··· Input data

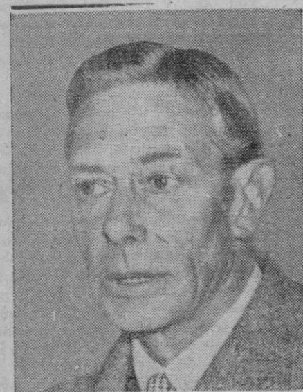
La más reciente fotografía de Jorge VI de Inglaterra obtenida después de su enfermedad.

El calor lo proporciona una pequeña batería de pilas
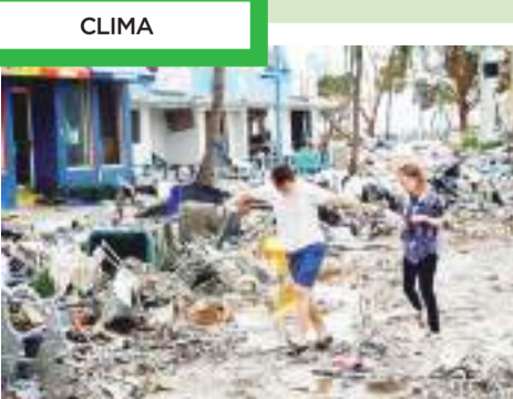
"Ilan" se convirtió en tormenta tras dejar graves daños en la zosta Este de Estados Unidos.
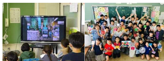
オンライン社会科見学
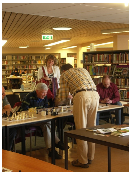
Schaakmaand in Bibliotheek 2011
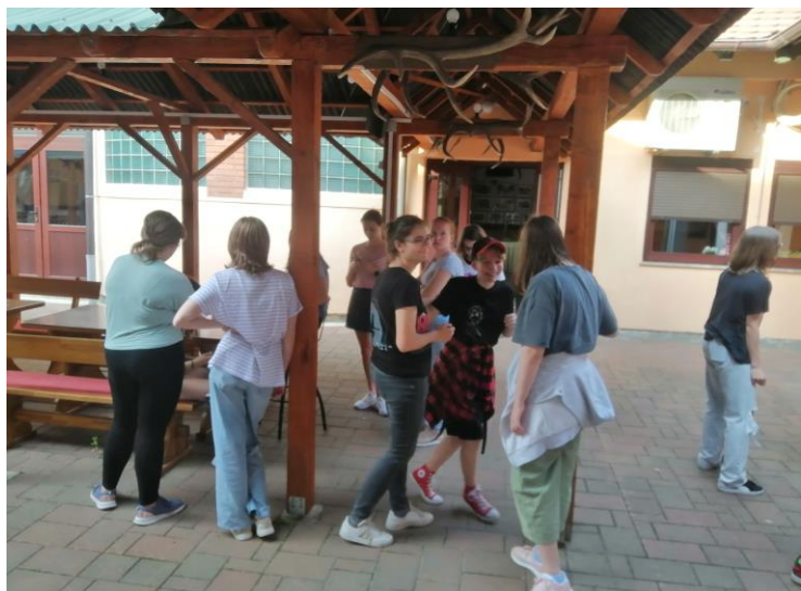
Csúza – a szállás udvara
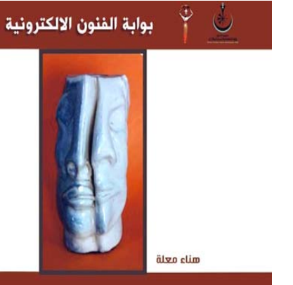
ملصق ترويجي لمعرضي علي شريف وهناء معلقة
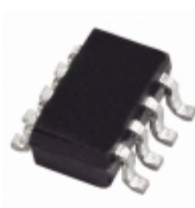
AD8034ARTZ-REEL7 Analog Devices Inc. IC OPAMP VFB 80MHZ RRO SOT23-8
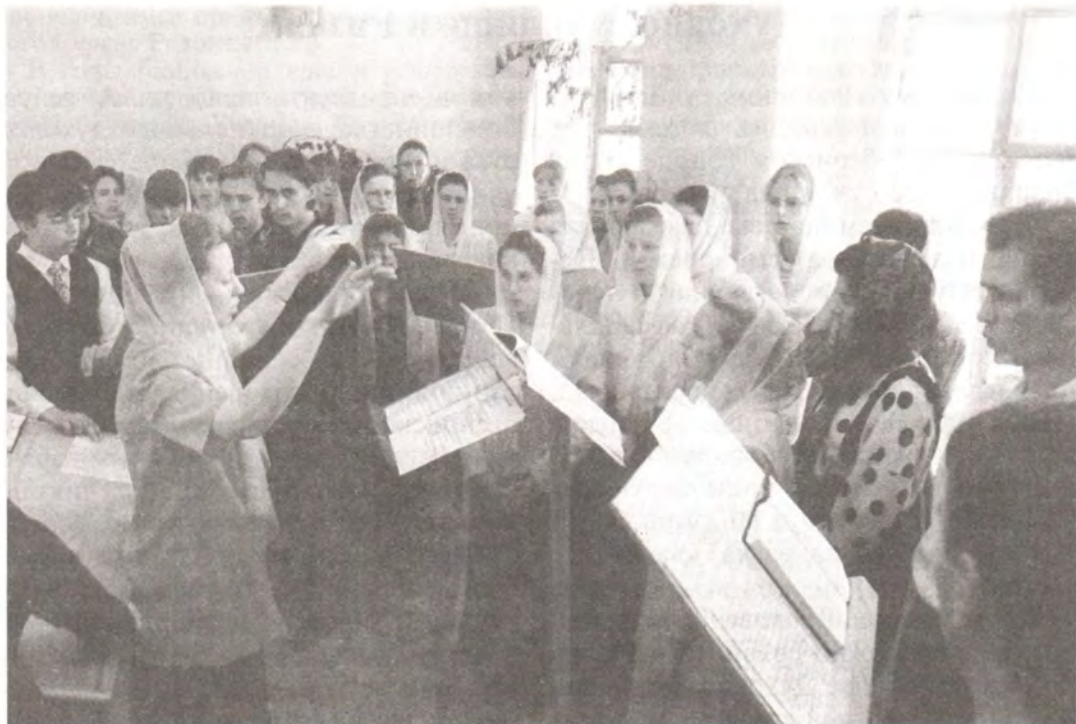
Хор воспитанников Духовного училища
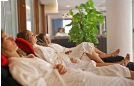
Foto (download): Im Schlossgut Oberambach feiern Gäste das Silvesterfest in entspannter Atmosphäre.

Zwölf Schläge, zwölf Trauben. Wer es vorzieht, Silvester entspannt auf der Son Manera Retreat Finca von Indigourlaub und somit auf den Balearen zu verbringen, begrüßt das neue Jahr neben dem normalen Yogaprogramm mit einem festlichen Silvestermenü aus köstlichen Tapas. Damit der Tradition nach im neuen Jahr auch die innigsten Wünsche in Erfüllung gehen, sind auf der Finca Weintrauben unerlässlich. Bei jedem Glockenschlag um Mitternacht wird eine Traube
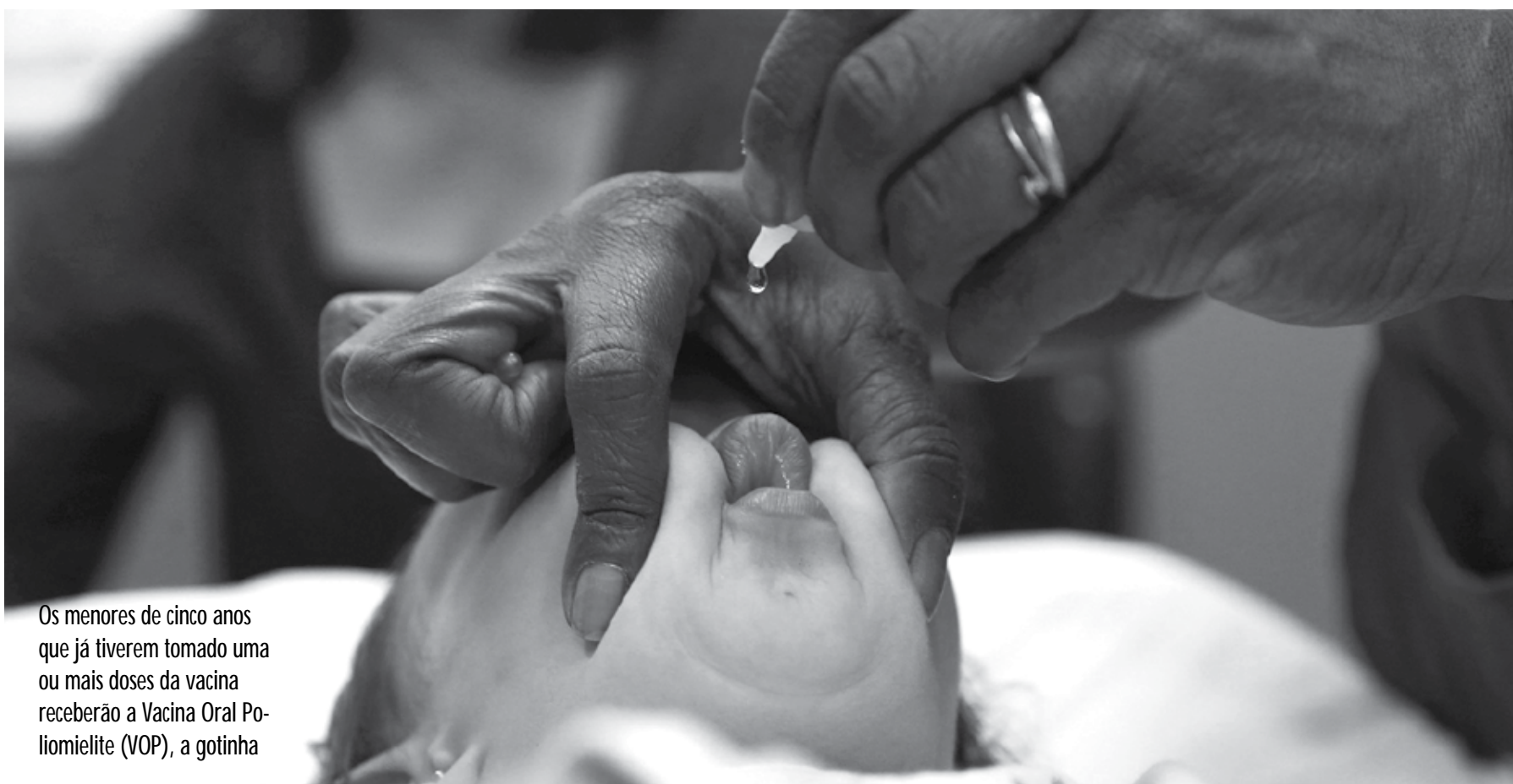
Os menores de cinco anos que já tiverem tomado uma ou mais doses da vacina receberão a Vacina Oral Poliomielite (VOP), a gotinha

······

**Task instructions:** A word-for-word copy of the entries above is what is needed, without any images.

**Written response:**
La más reciente fotografía de Jorge VI de Inglaterra obtenida después de su enfermedad.

El calor lo proporciona una pequeña batería de pilas
"Ilan" se convirtió en tormenta tras dejar graves daños en la zosta Este de Estados Unidos.
オンライン社会科見学
Schaakmaand in Bibliotheek 2011
Csúza – a szállás udvara
ملصق ترويجي لمعرضي علي شريف وهناء معلقة
AD8034ARTZ-REEL7 Analog Devices Inc. IC OPAMP VFB 80MHZ RRO SOT23-8
Хор воспитанников Духовного училища
Foto (download): Im Schlossgut Oberambach feiern Gäste das Silvesterfest in entspannter Atmosphäre.

Zwölf Schläge, zwölf Trauben. Wer es vorzieht, Silvester entspannt auf der Son Manera Retreat Finca von Indigourlaub und somit auf den Balearen zu verbringen, begrüßt das neue Jahr neben dem normalen Yogaprogramm mit einem festlichen Silvestermenü aus köstlichen Tapas. Damit der Tradition nach im neuen Jahr auch die innigsten Wünsche in Erfüllung gehen, sind auf der Finca Weintrauben unerlässlich. Bei jedem Glockenschlag um Mitternacht wird eine Traube
Os menores de cinco anos que já tiverem tomado uma ou mais doses da vacina receberão a Vacina Oral Poliomielite (VOP), a gotinha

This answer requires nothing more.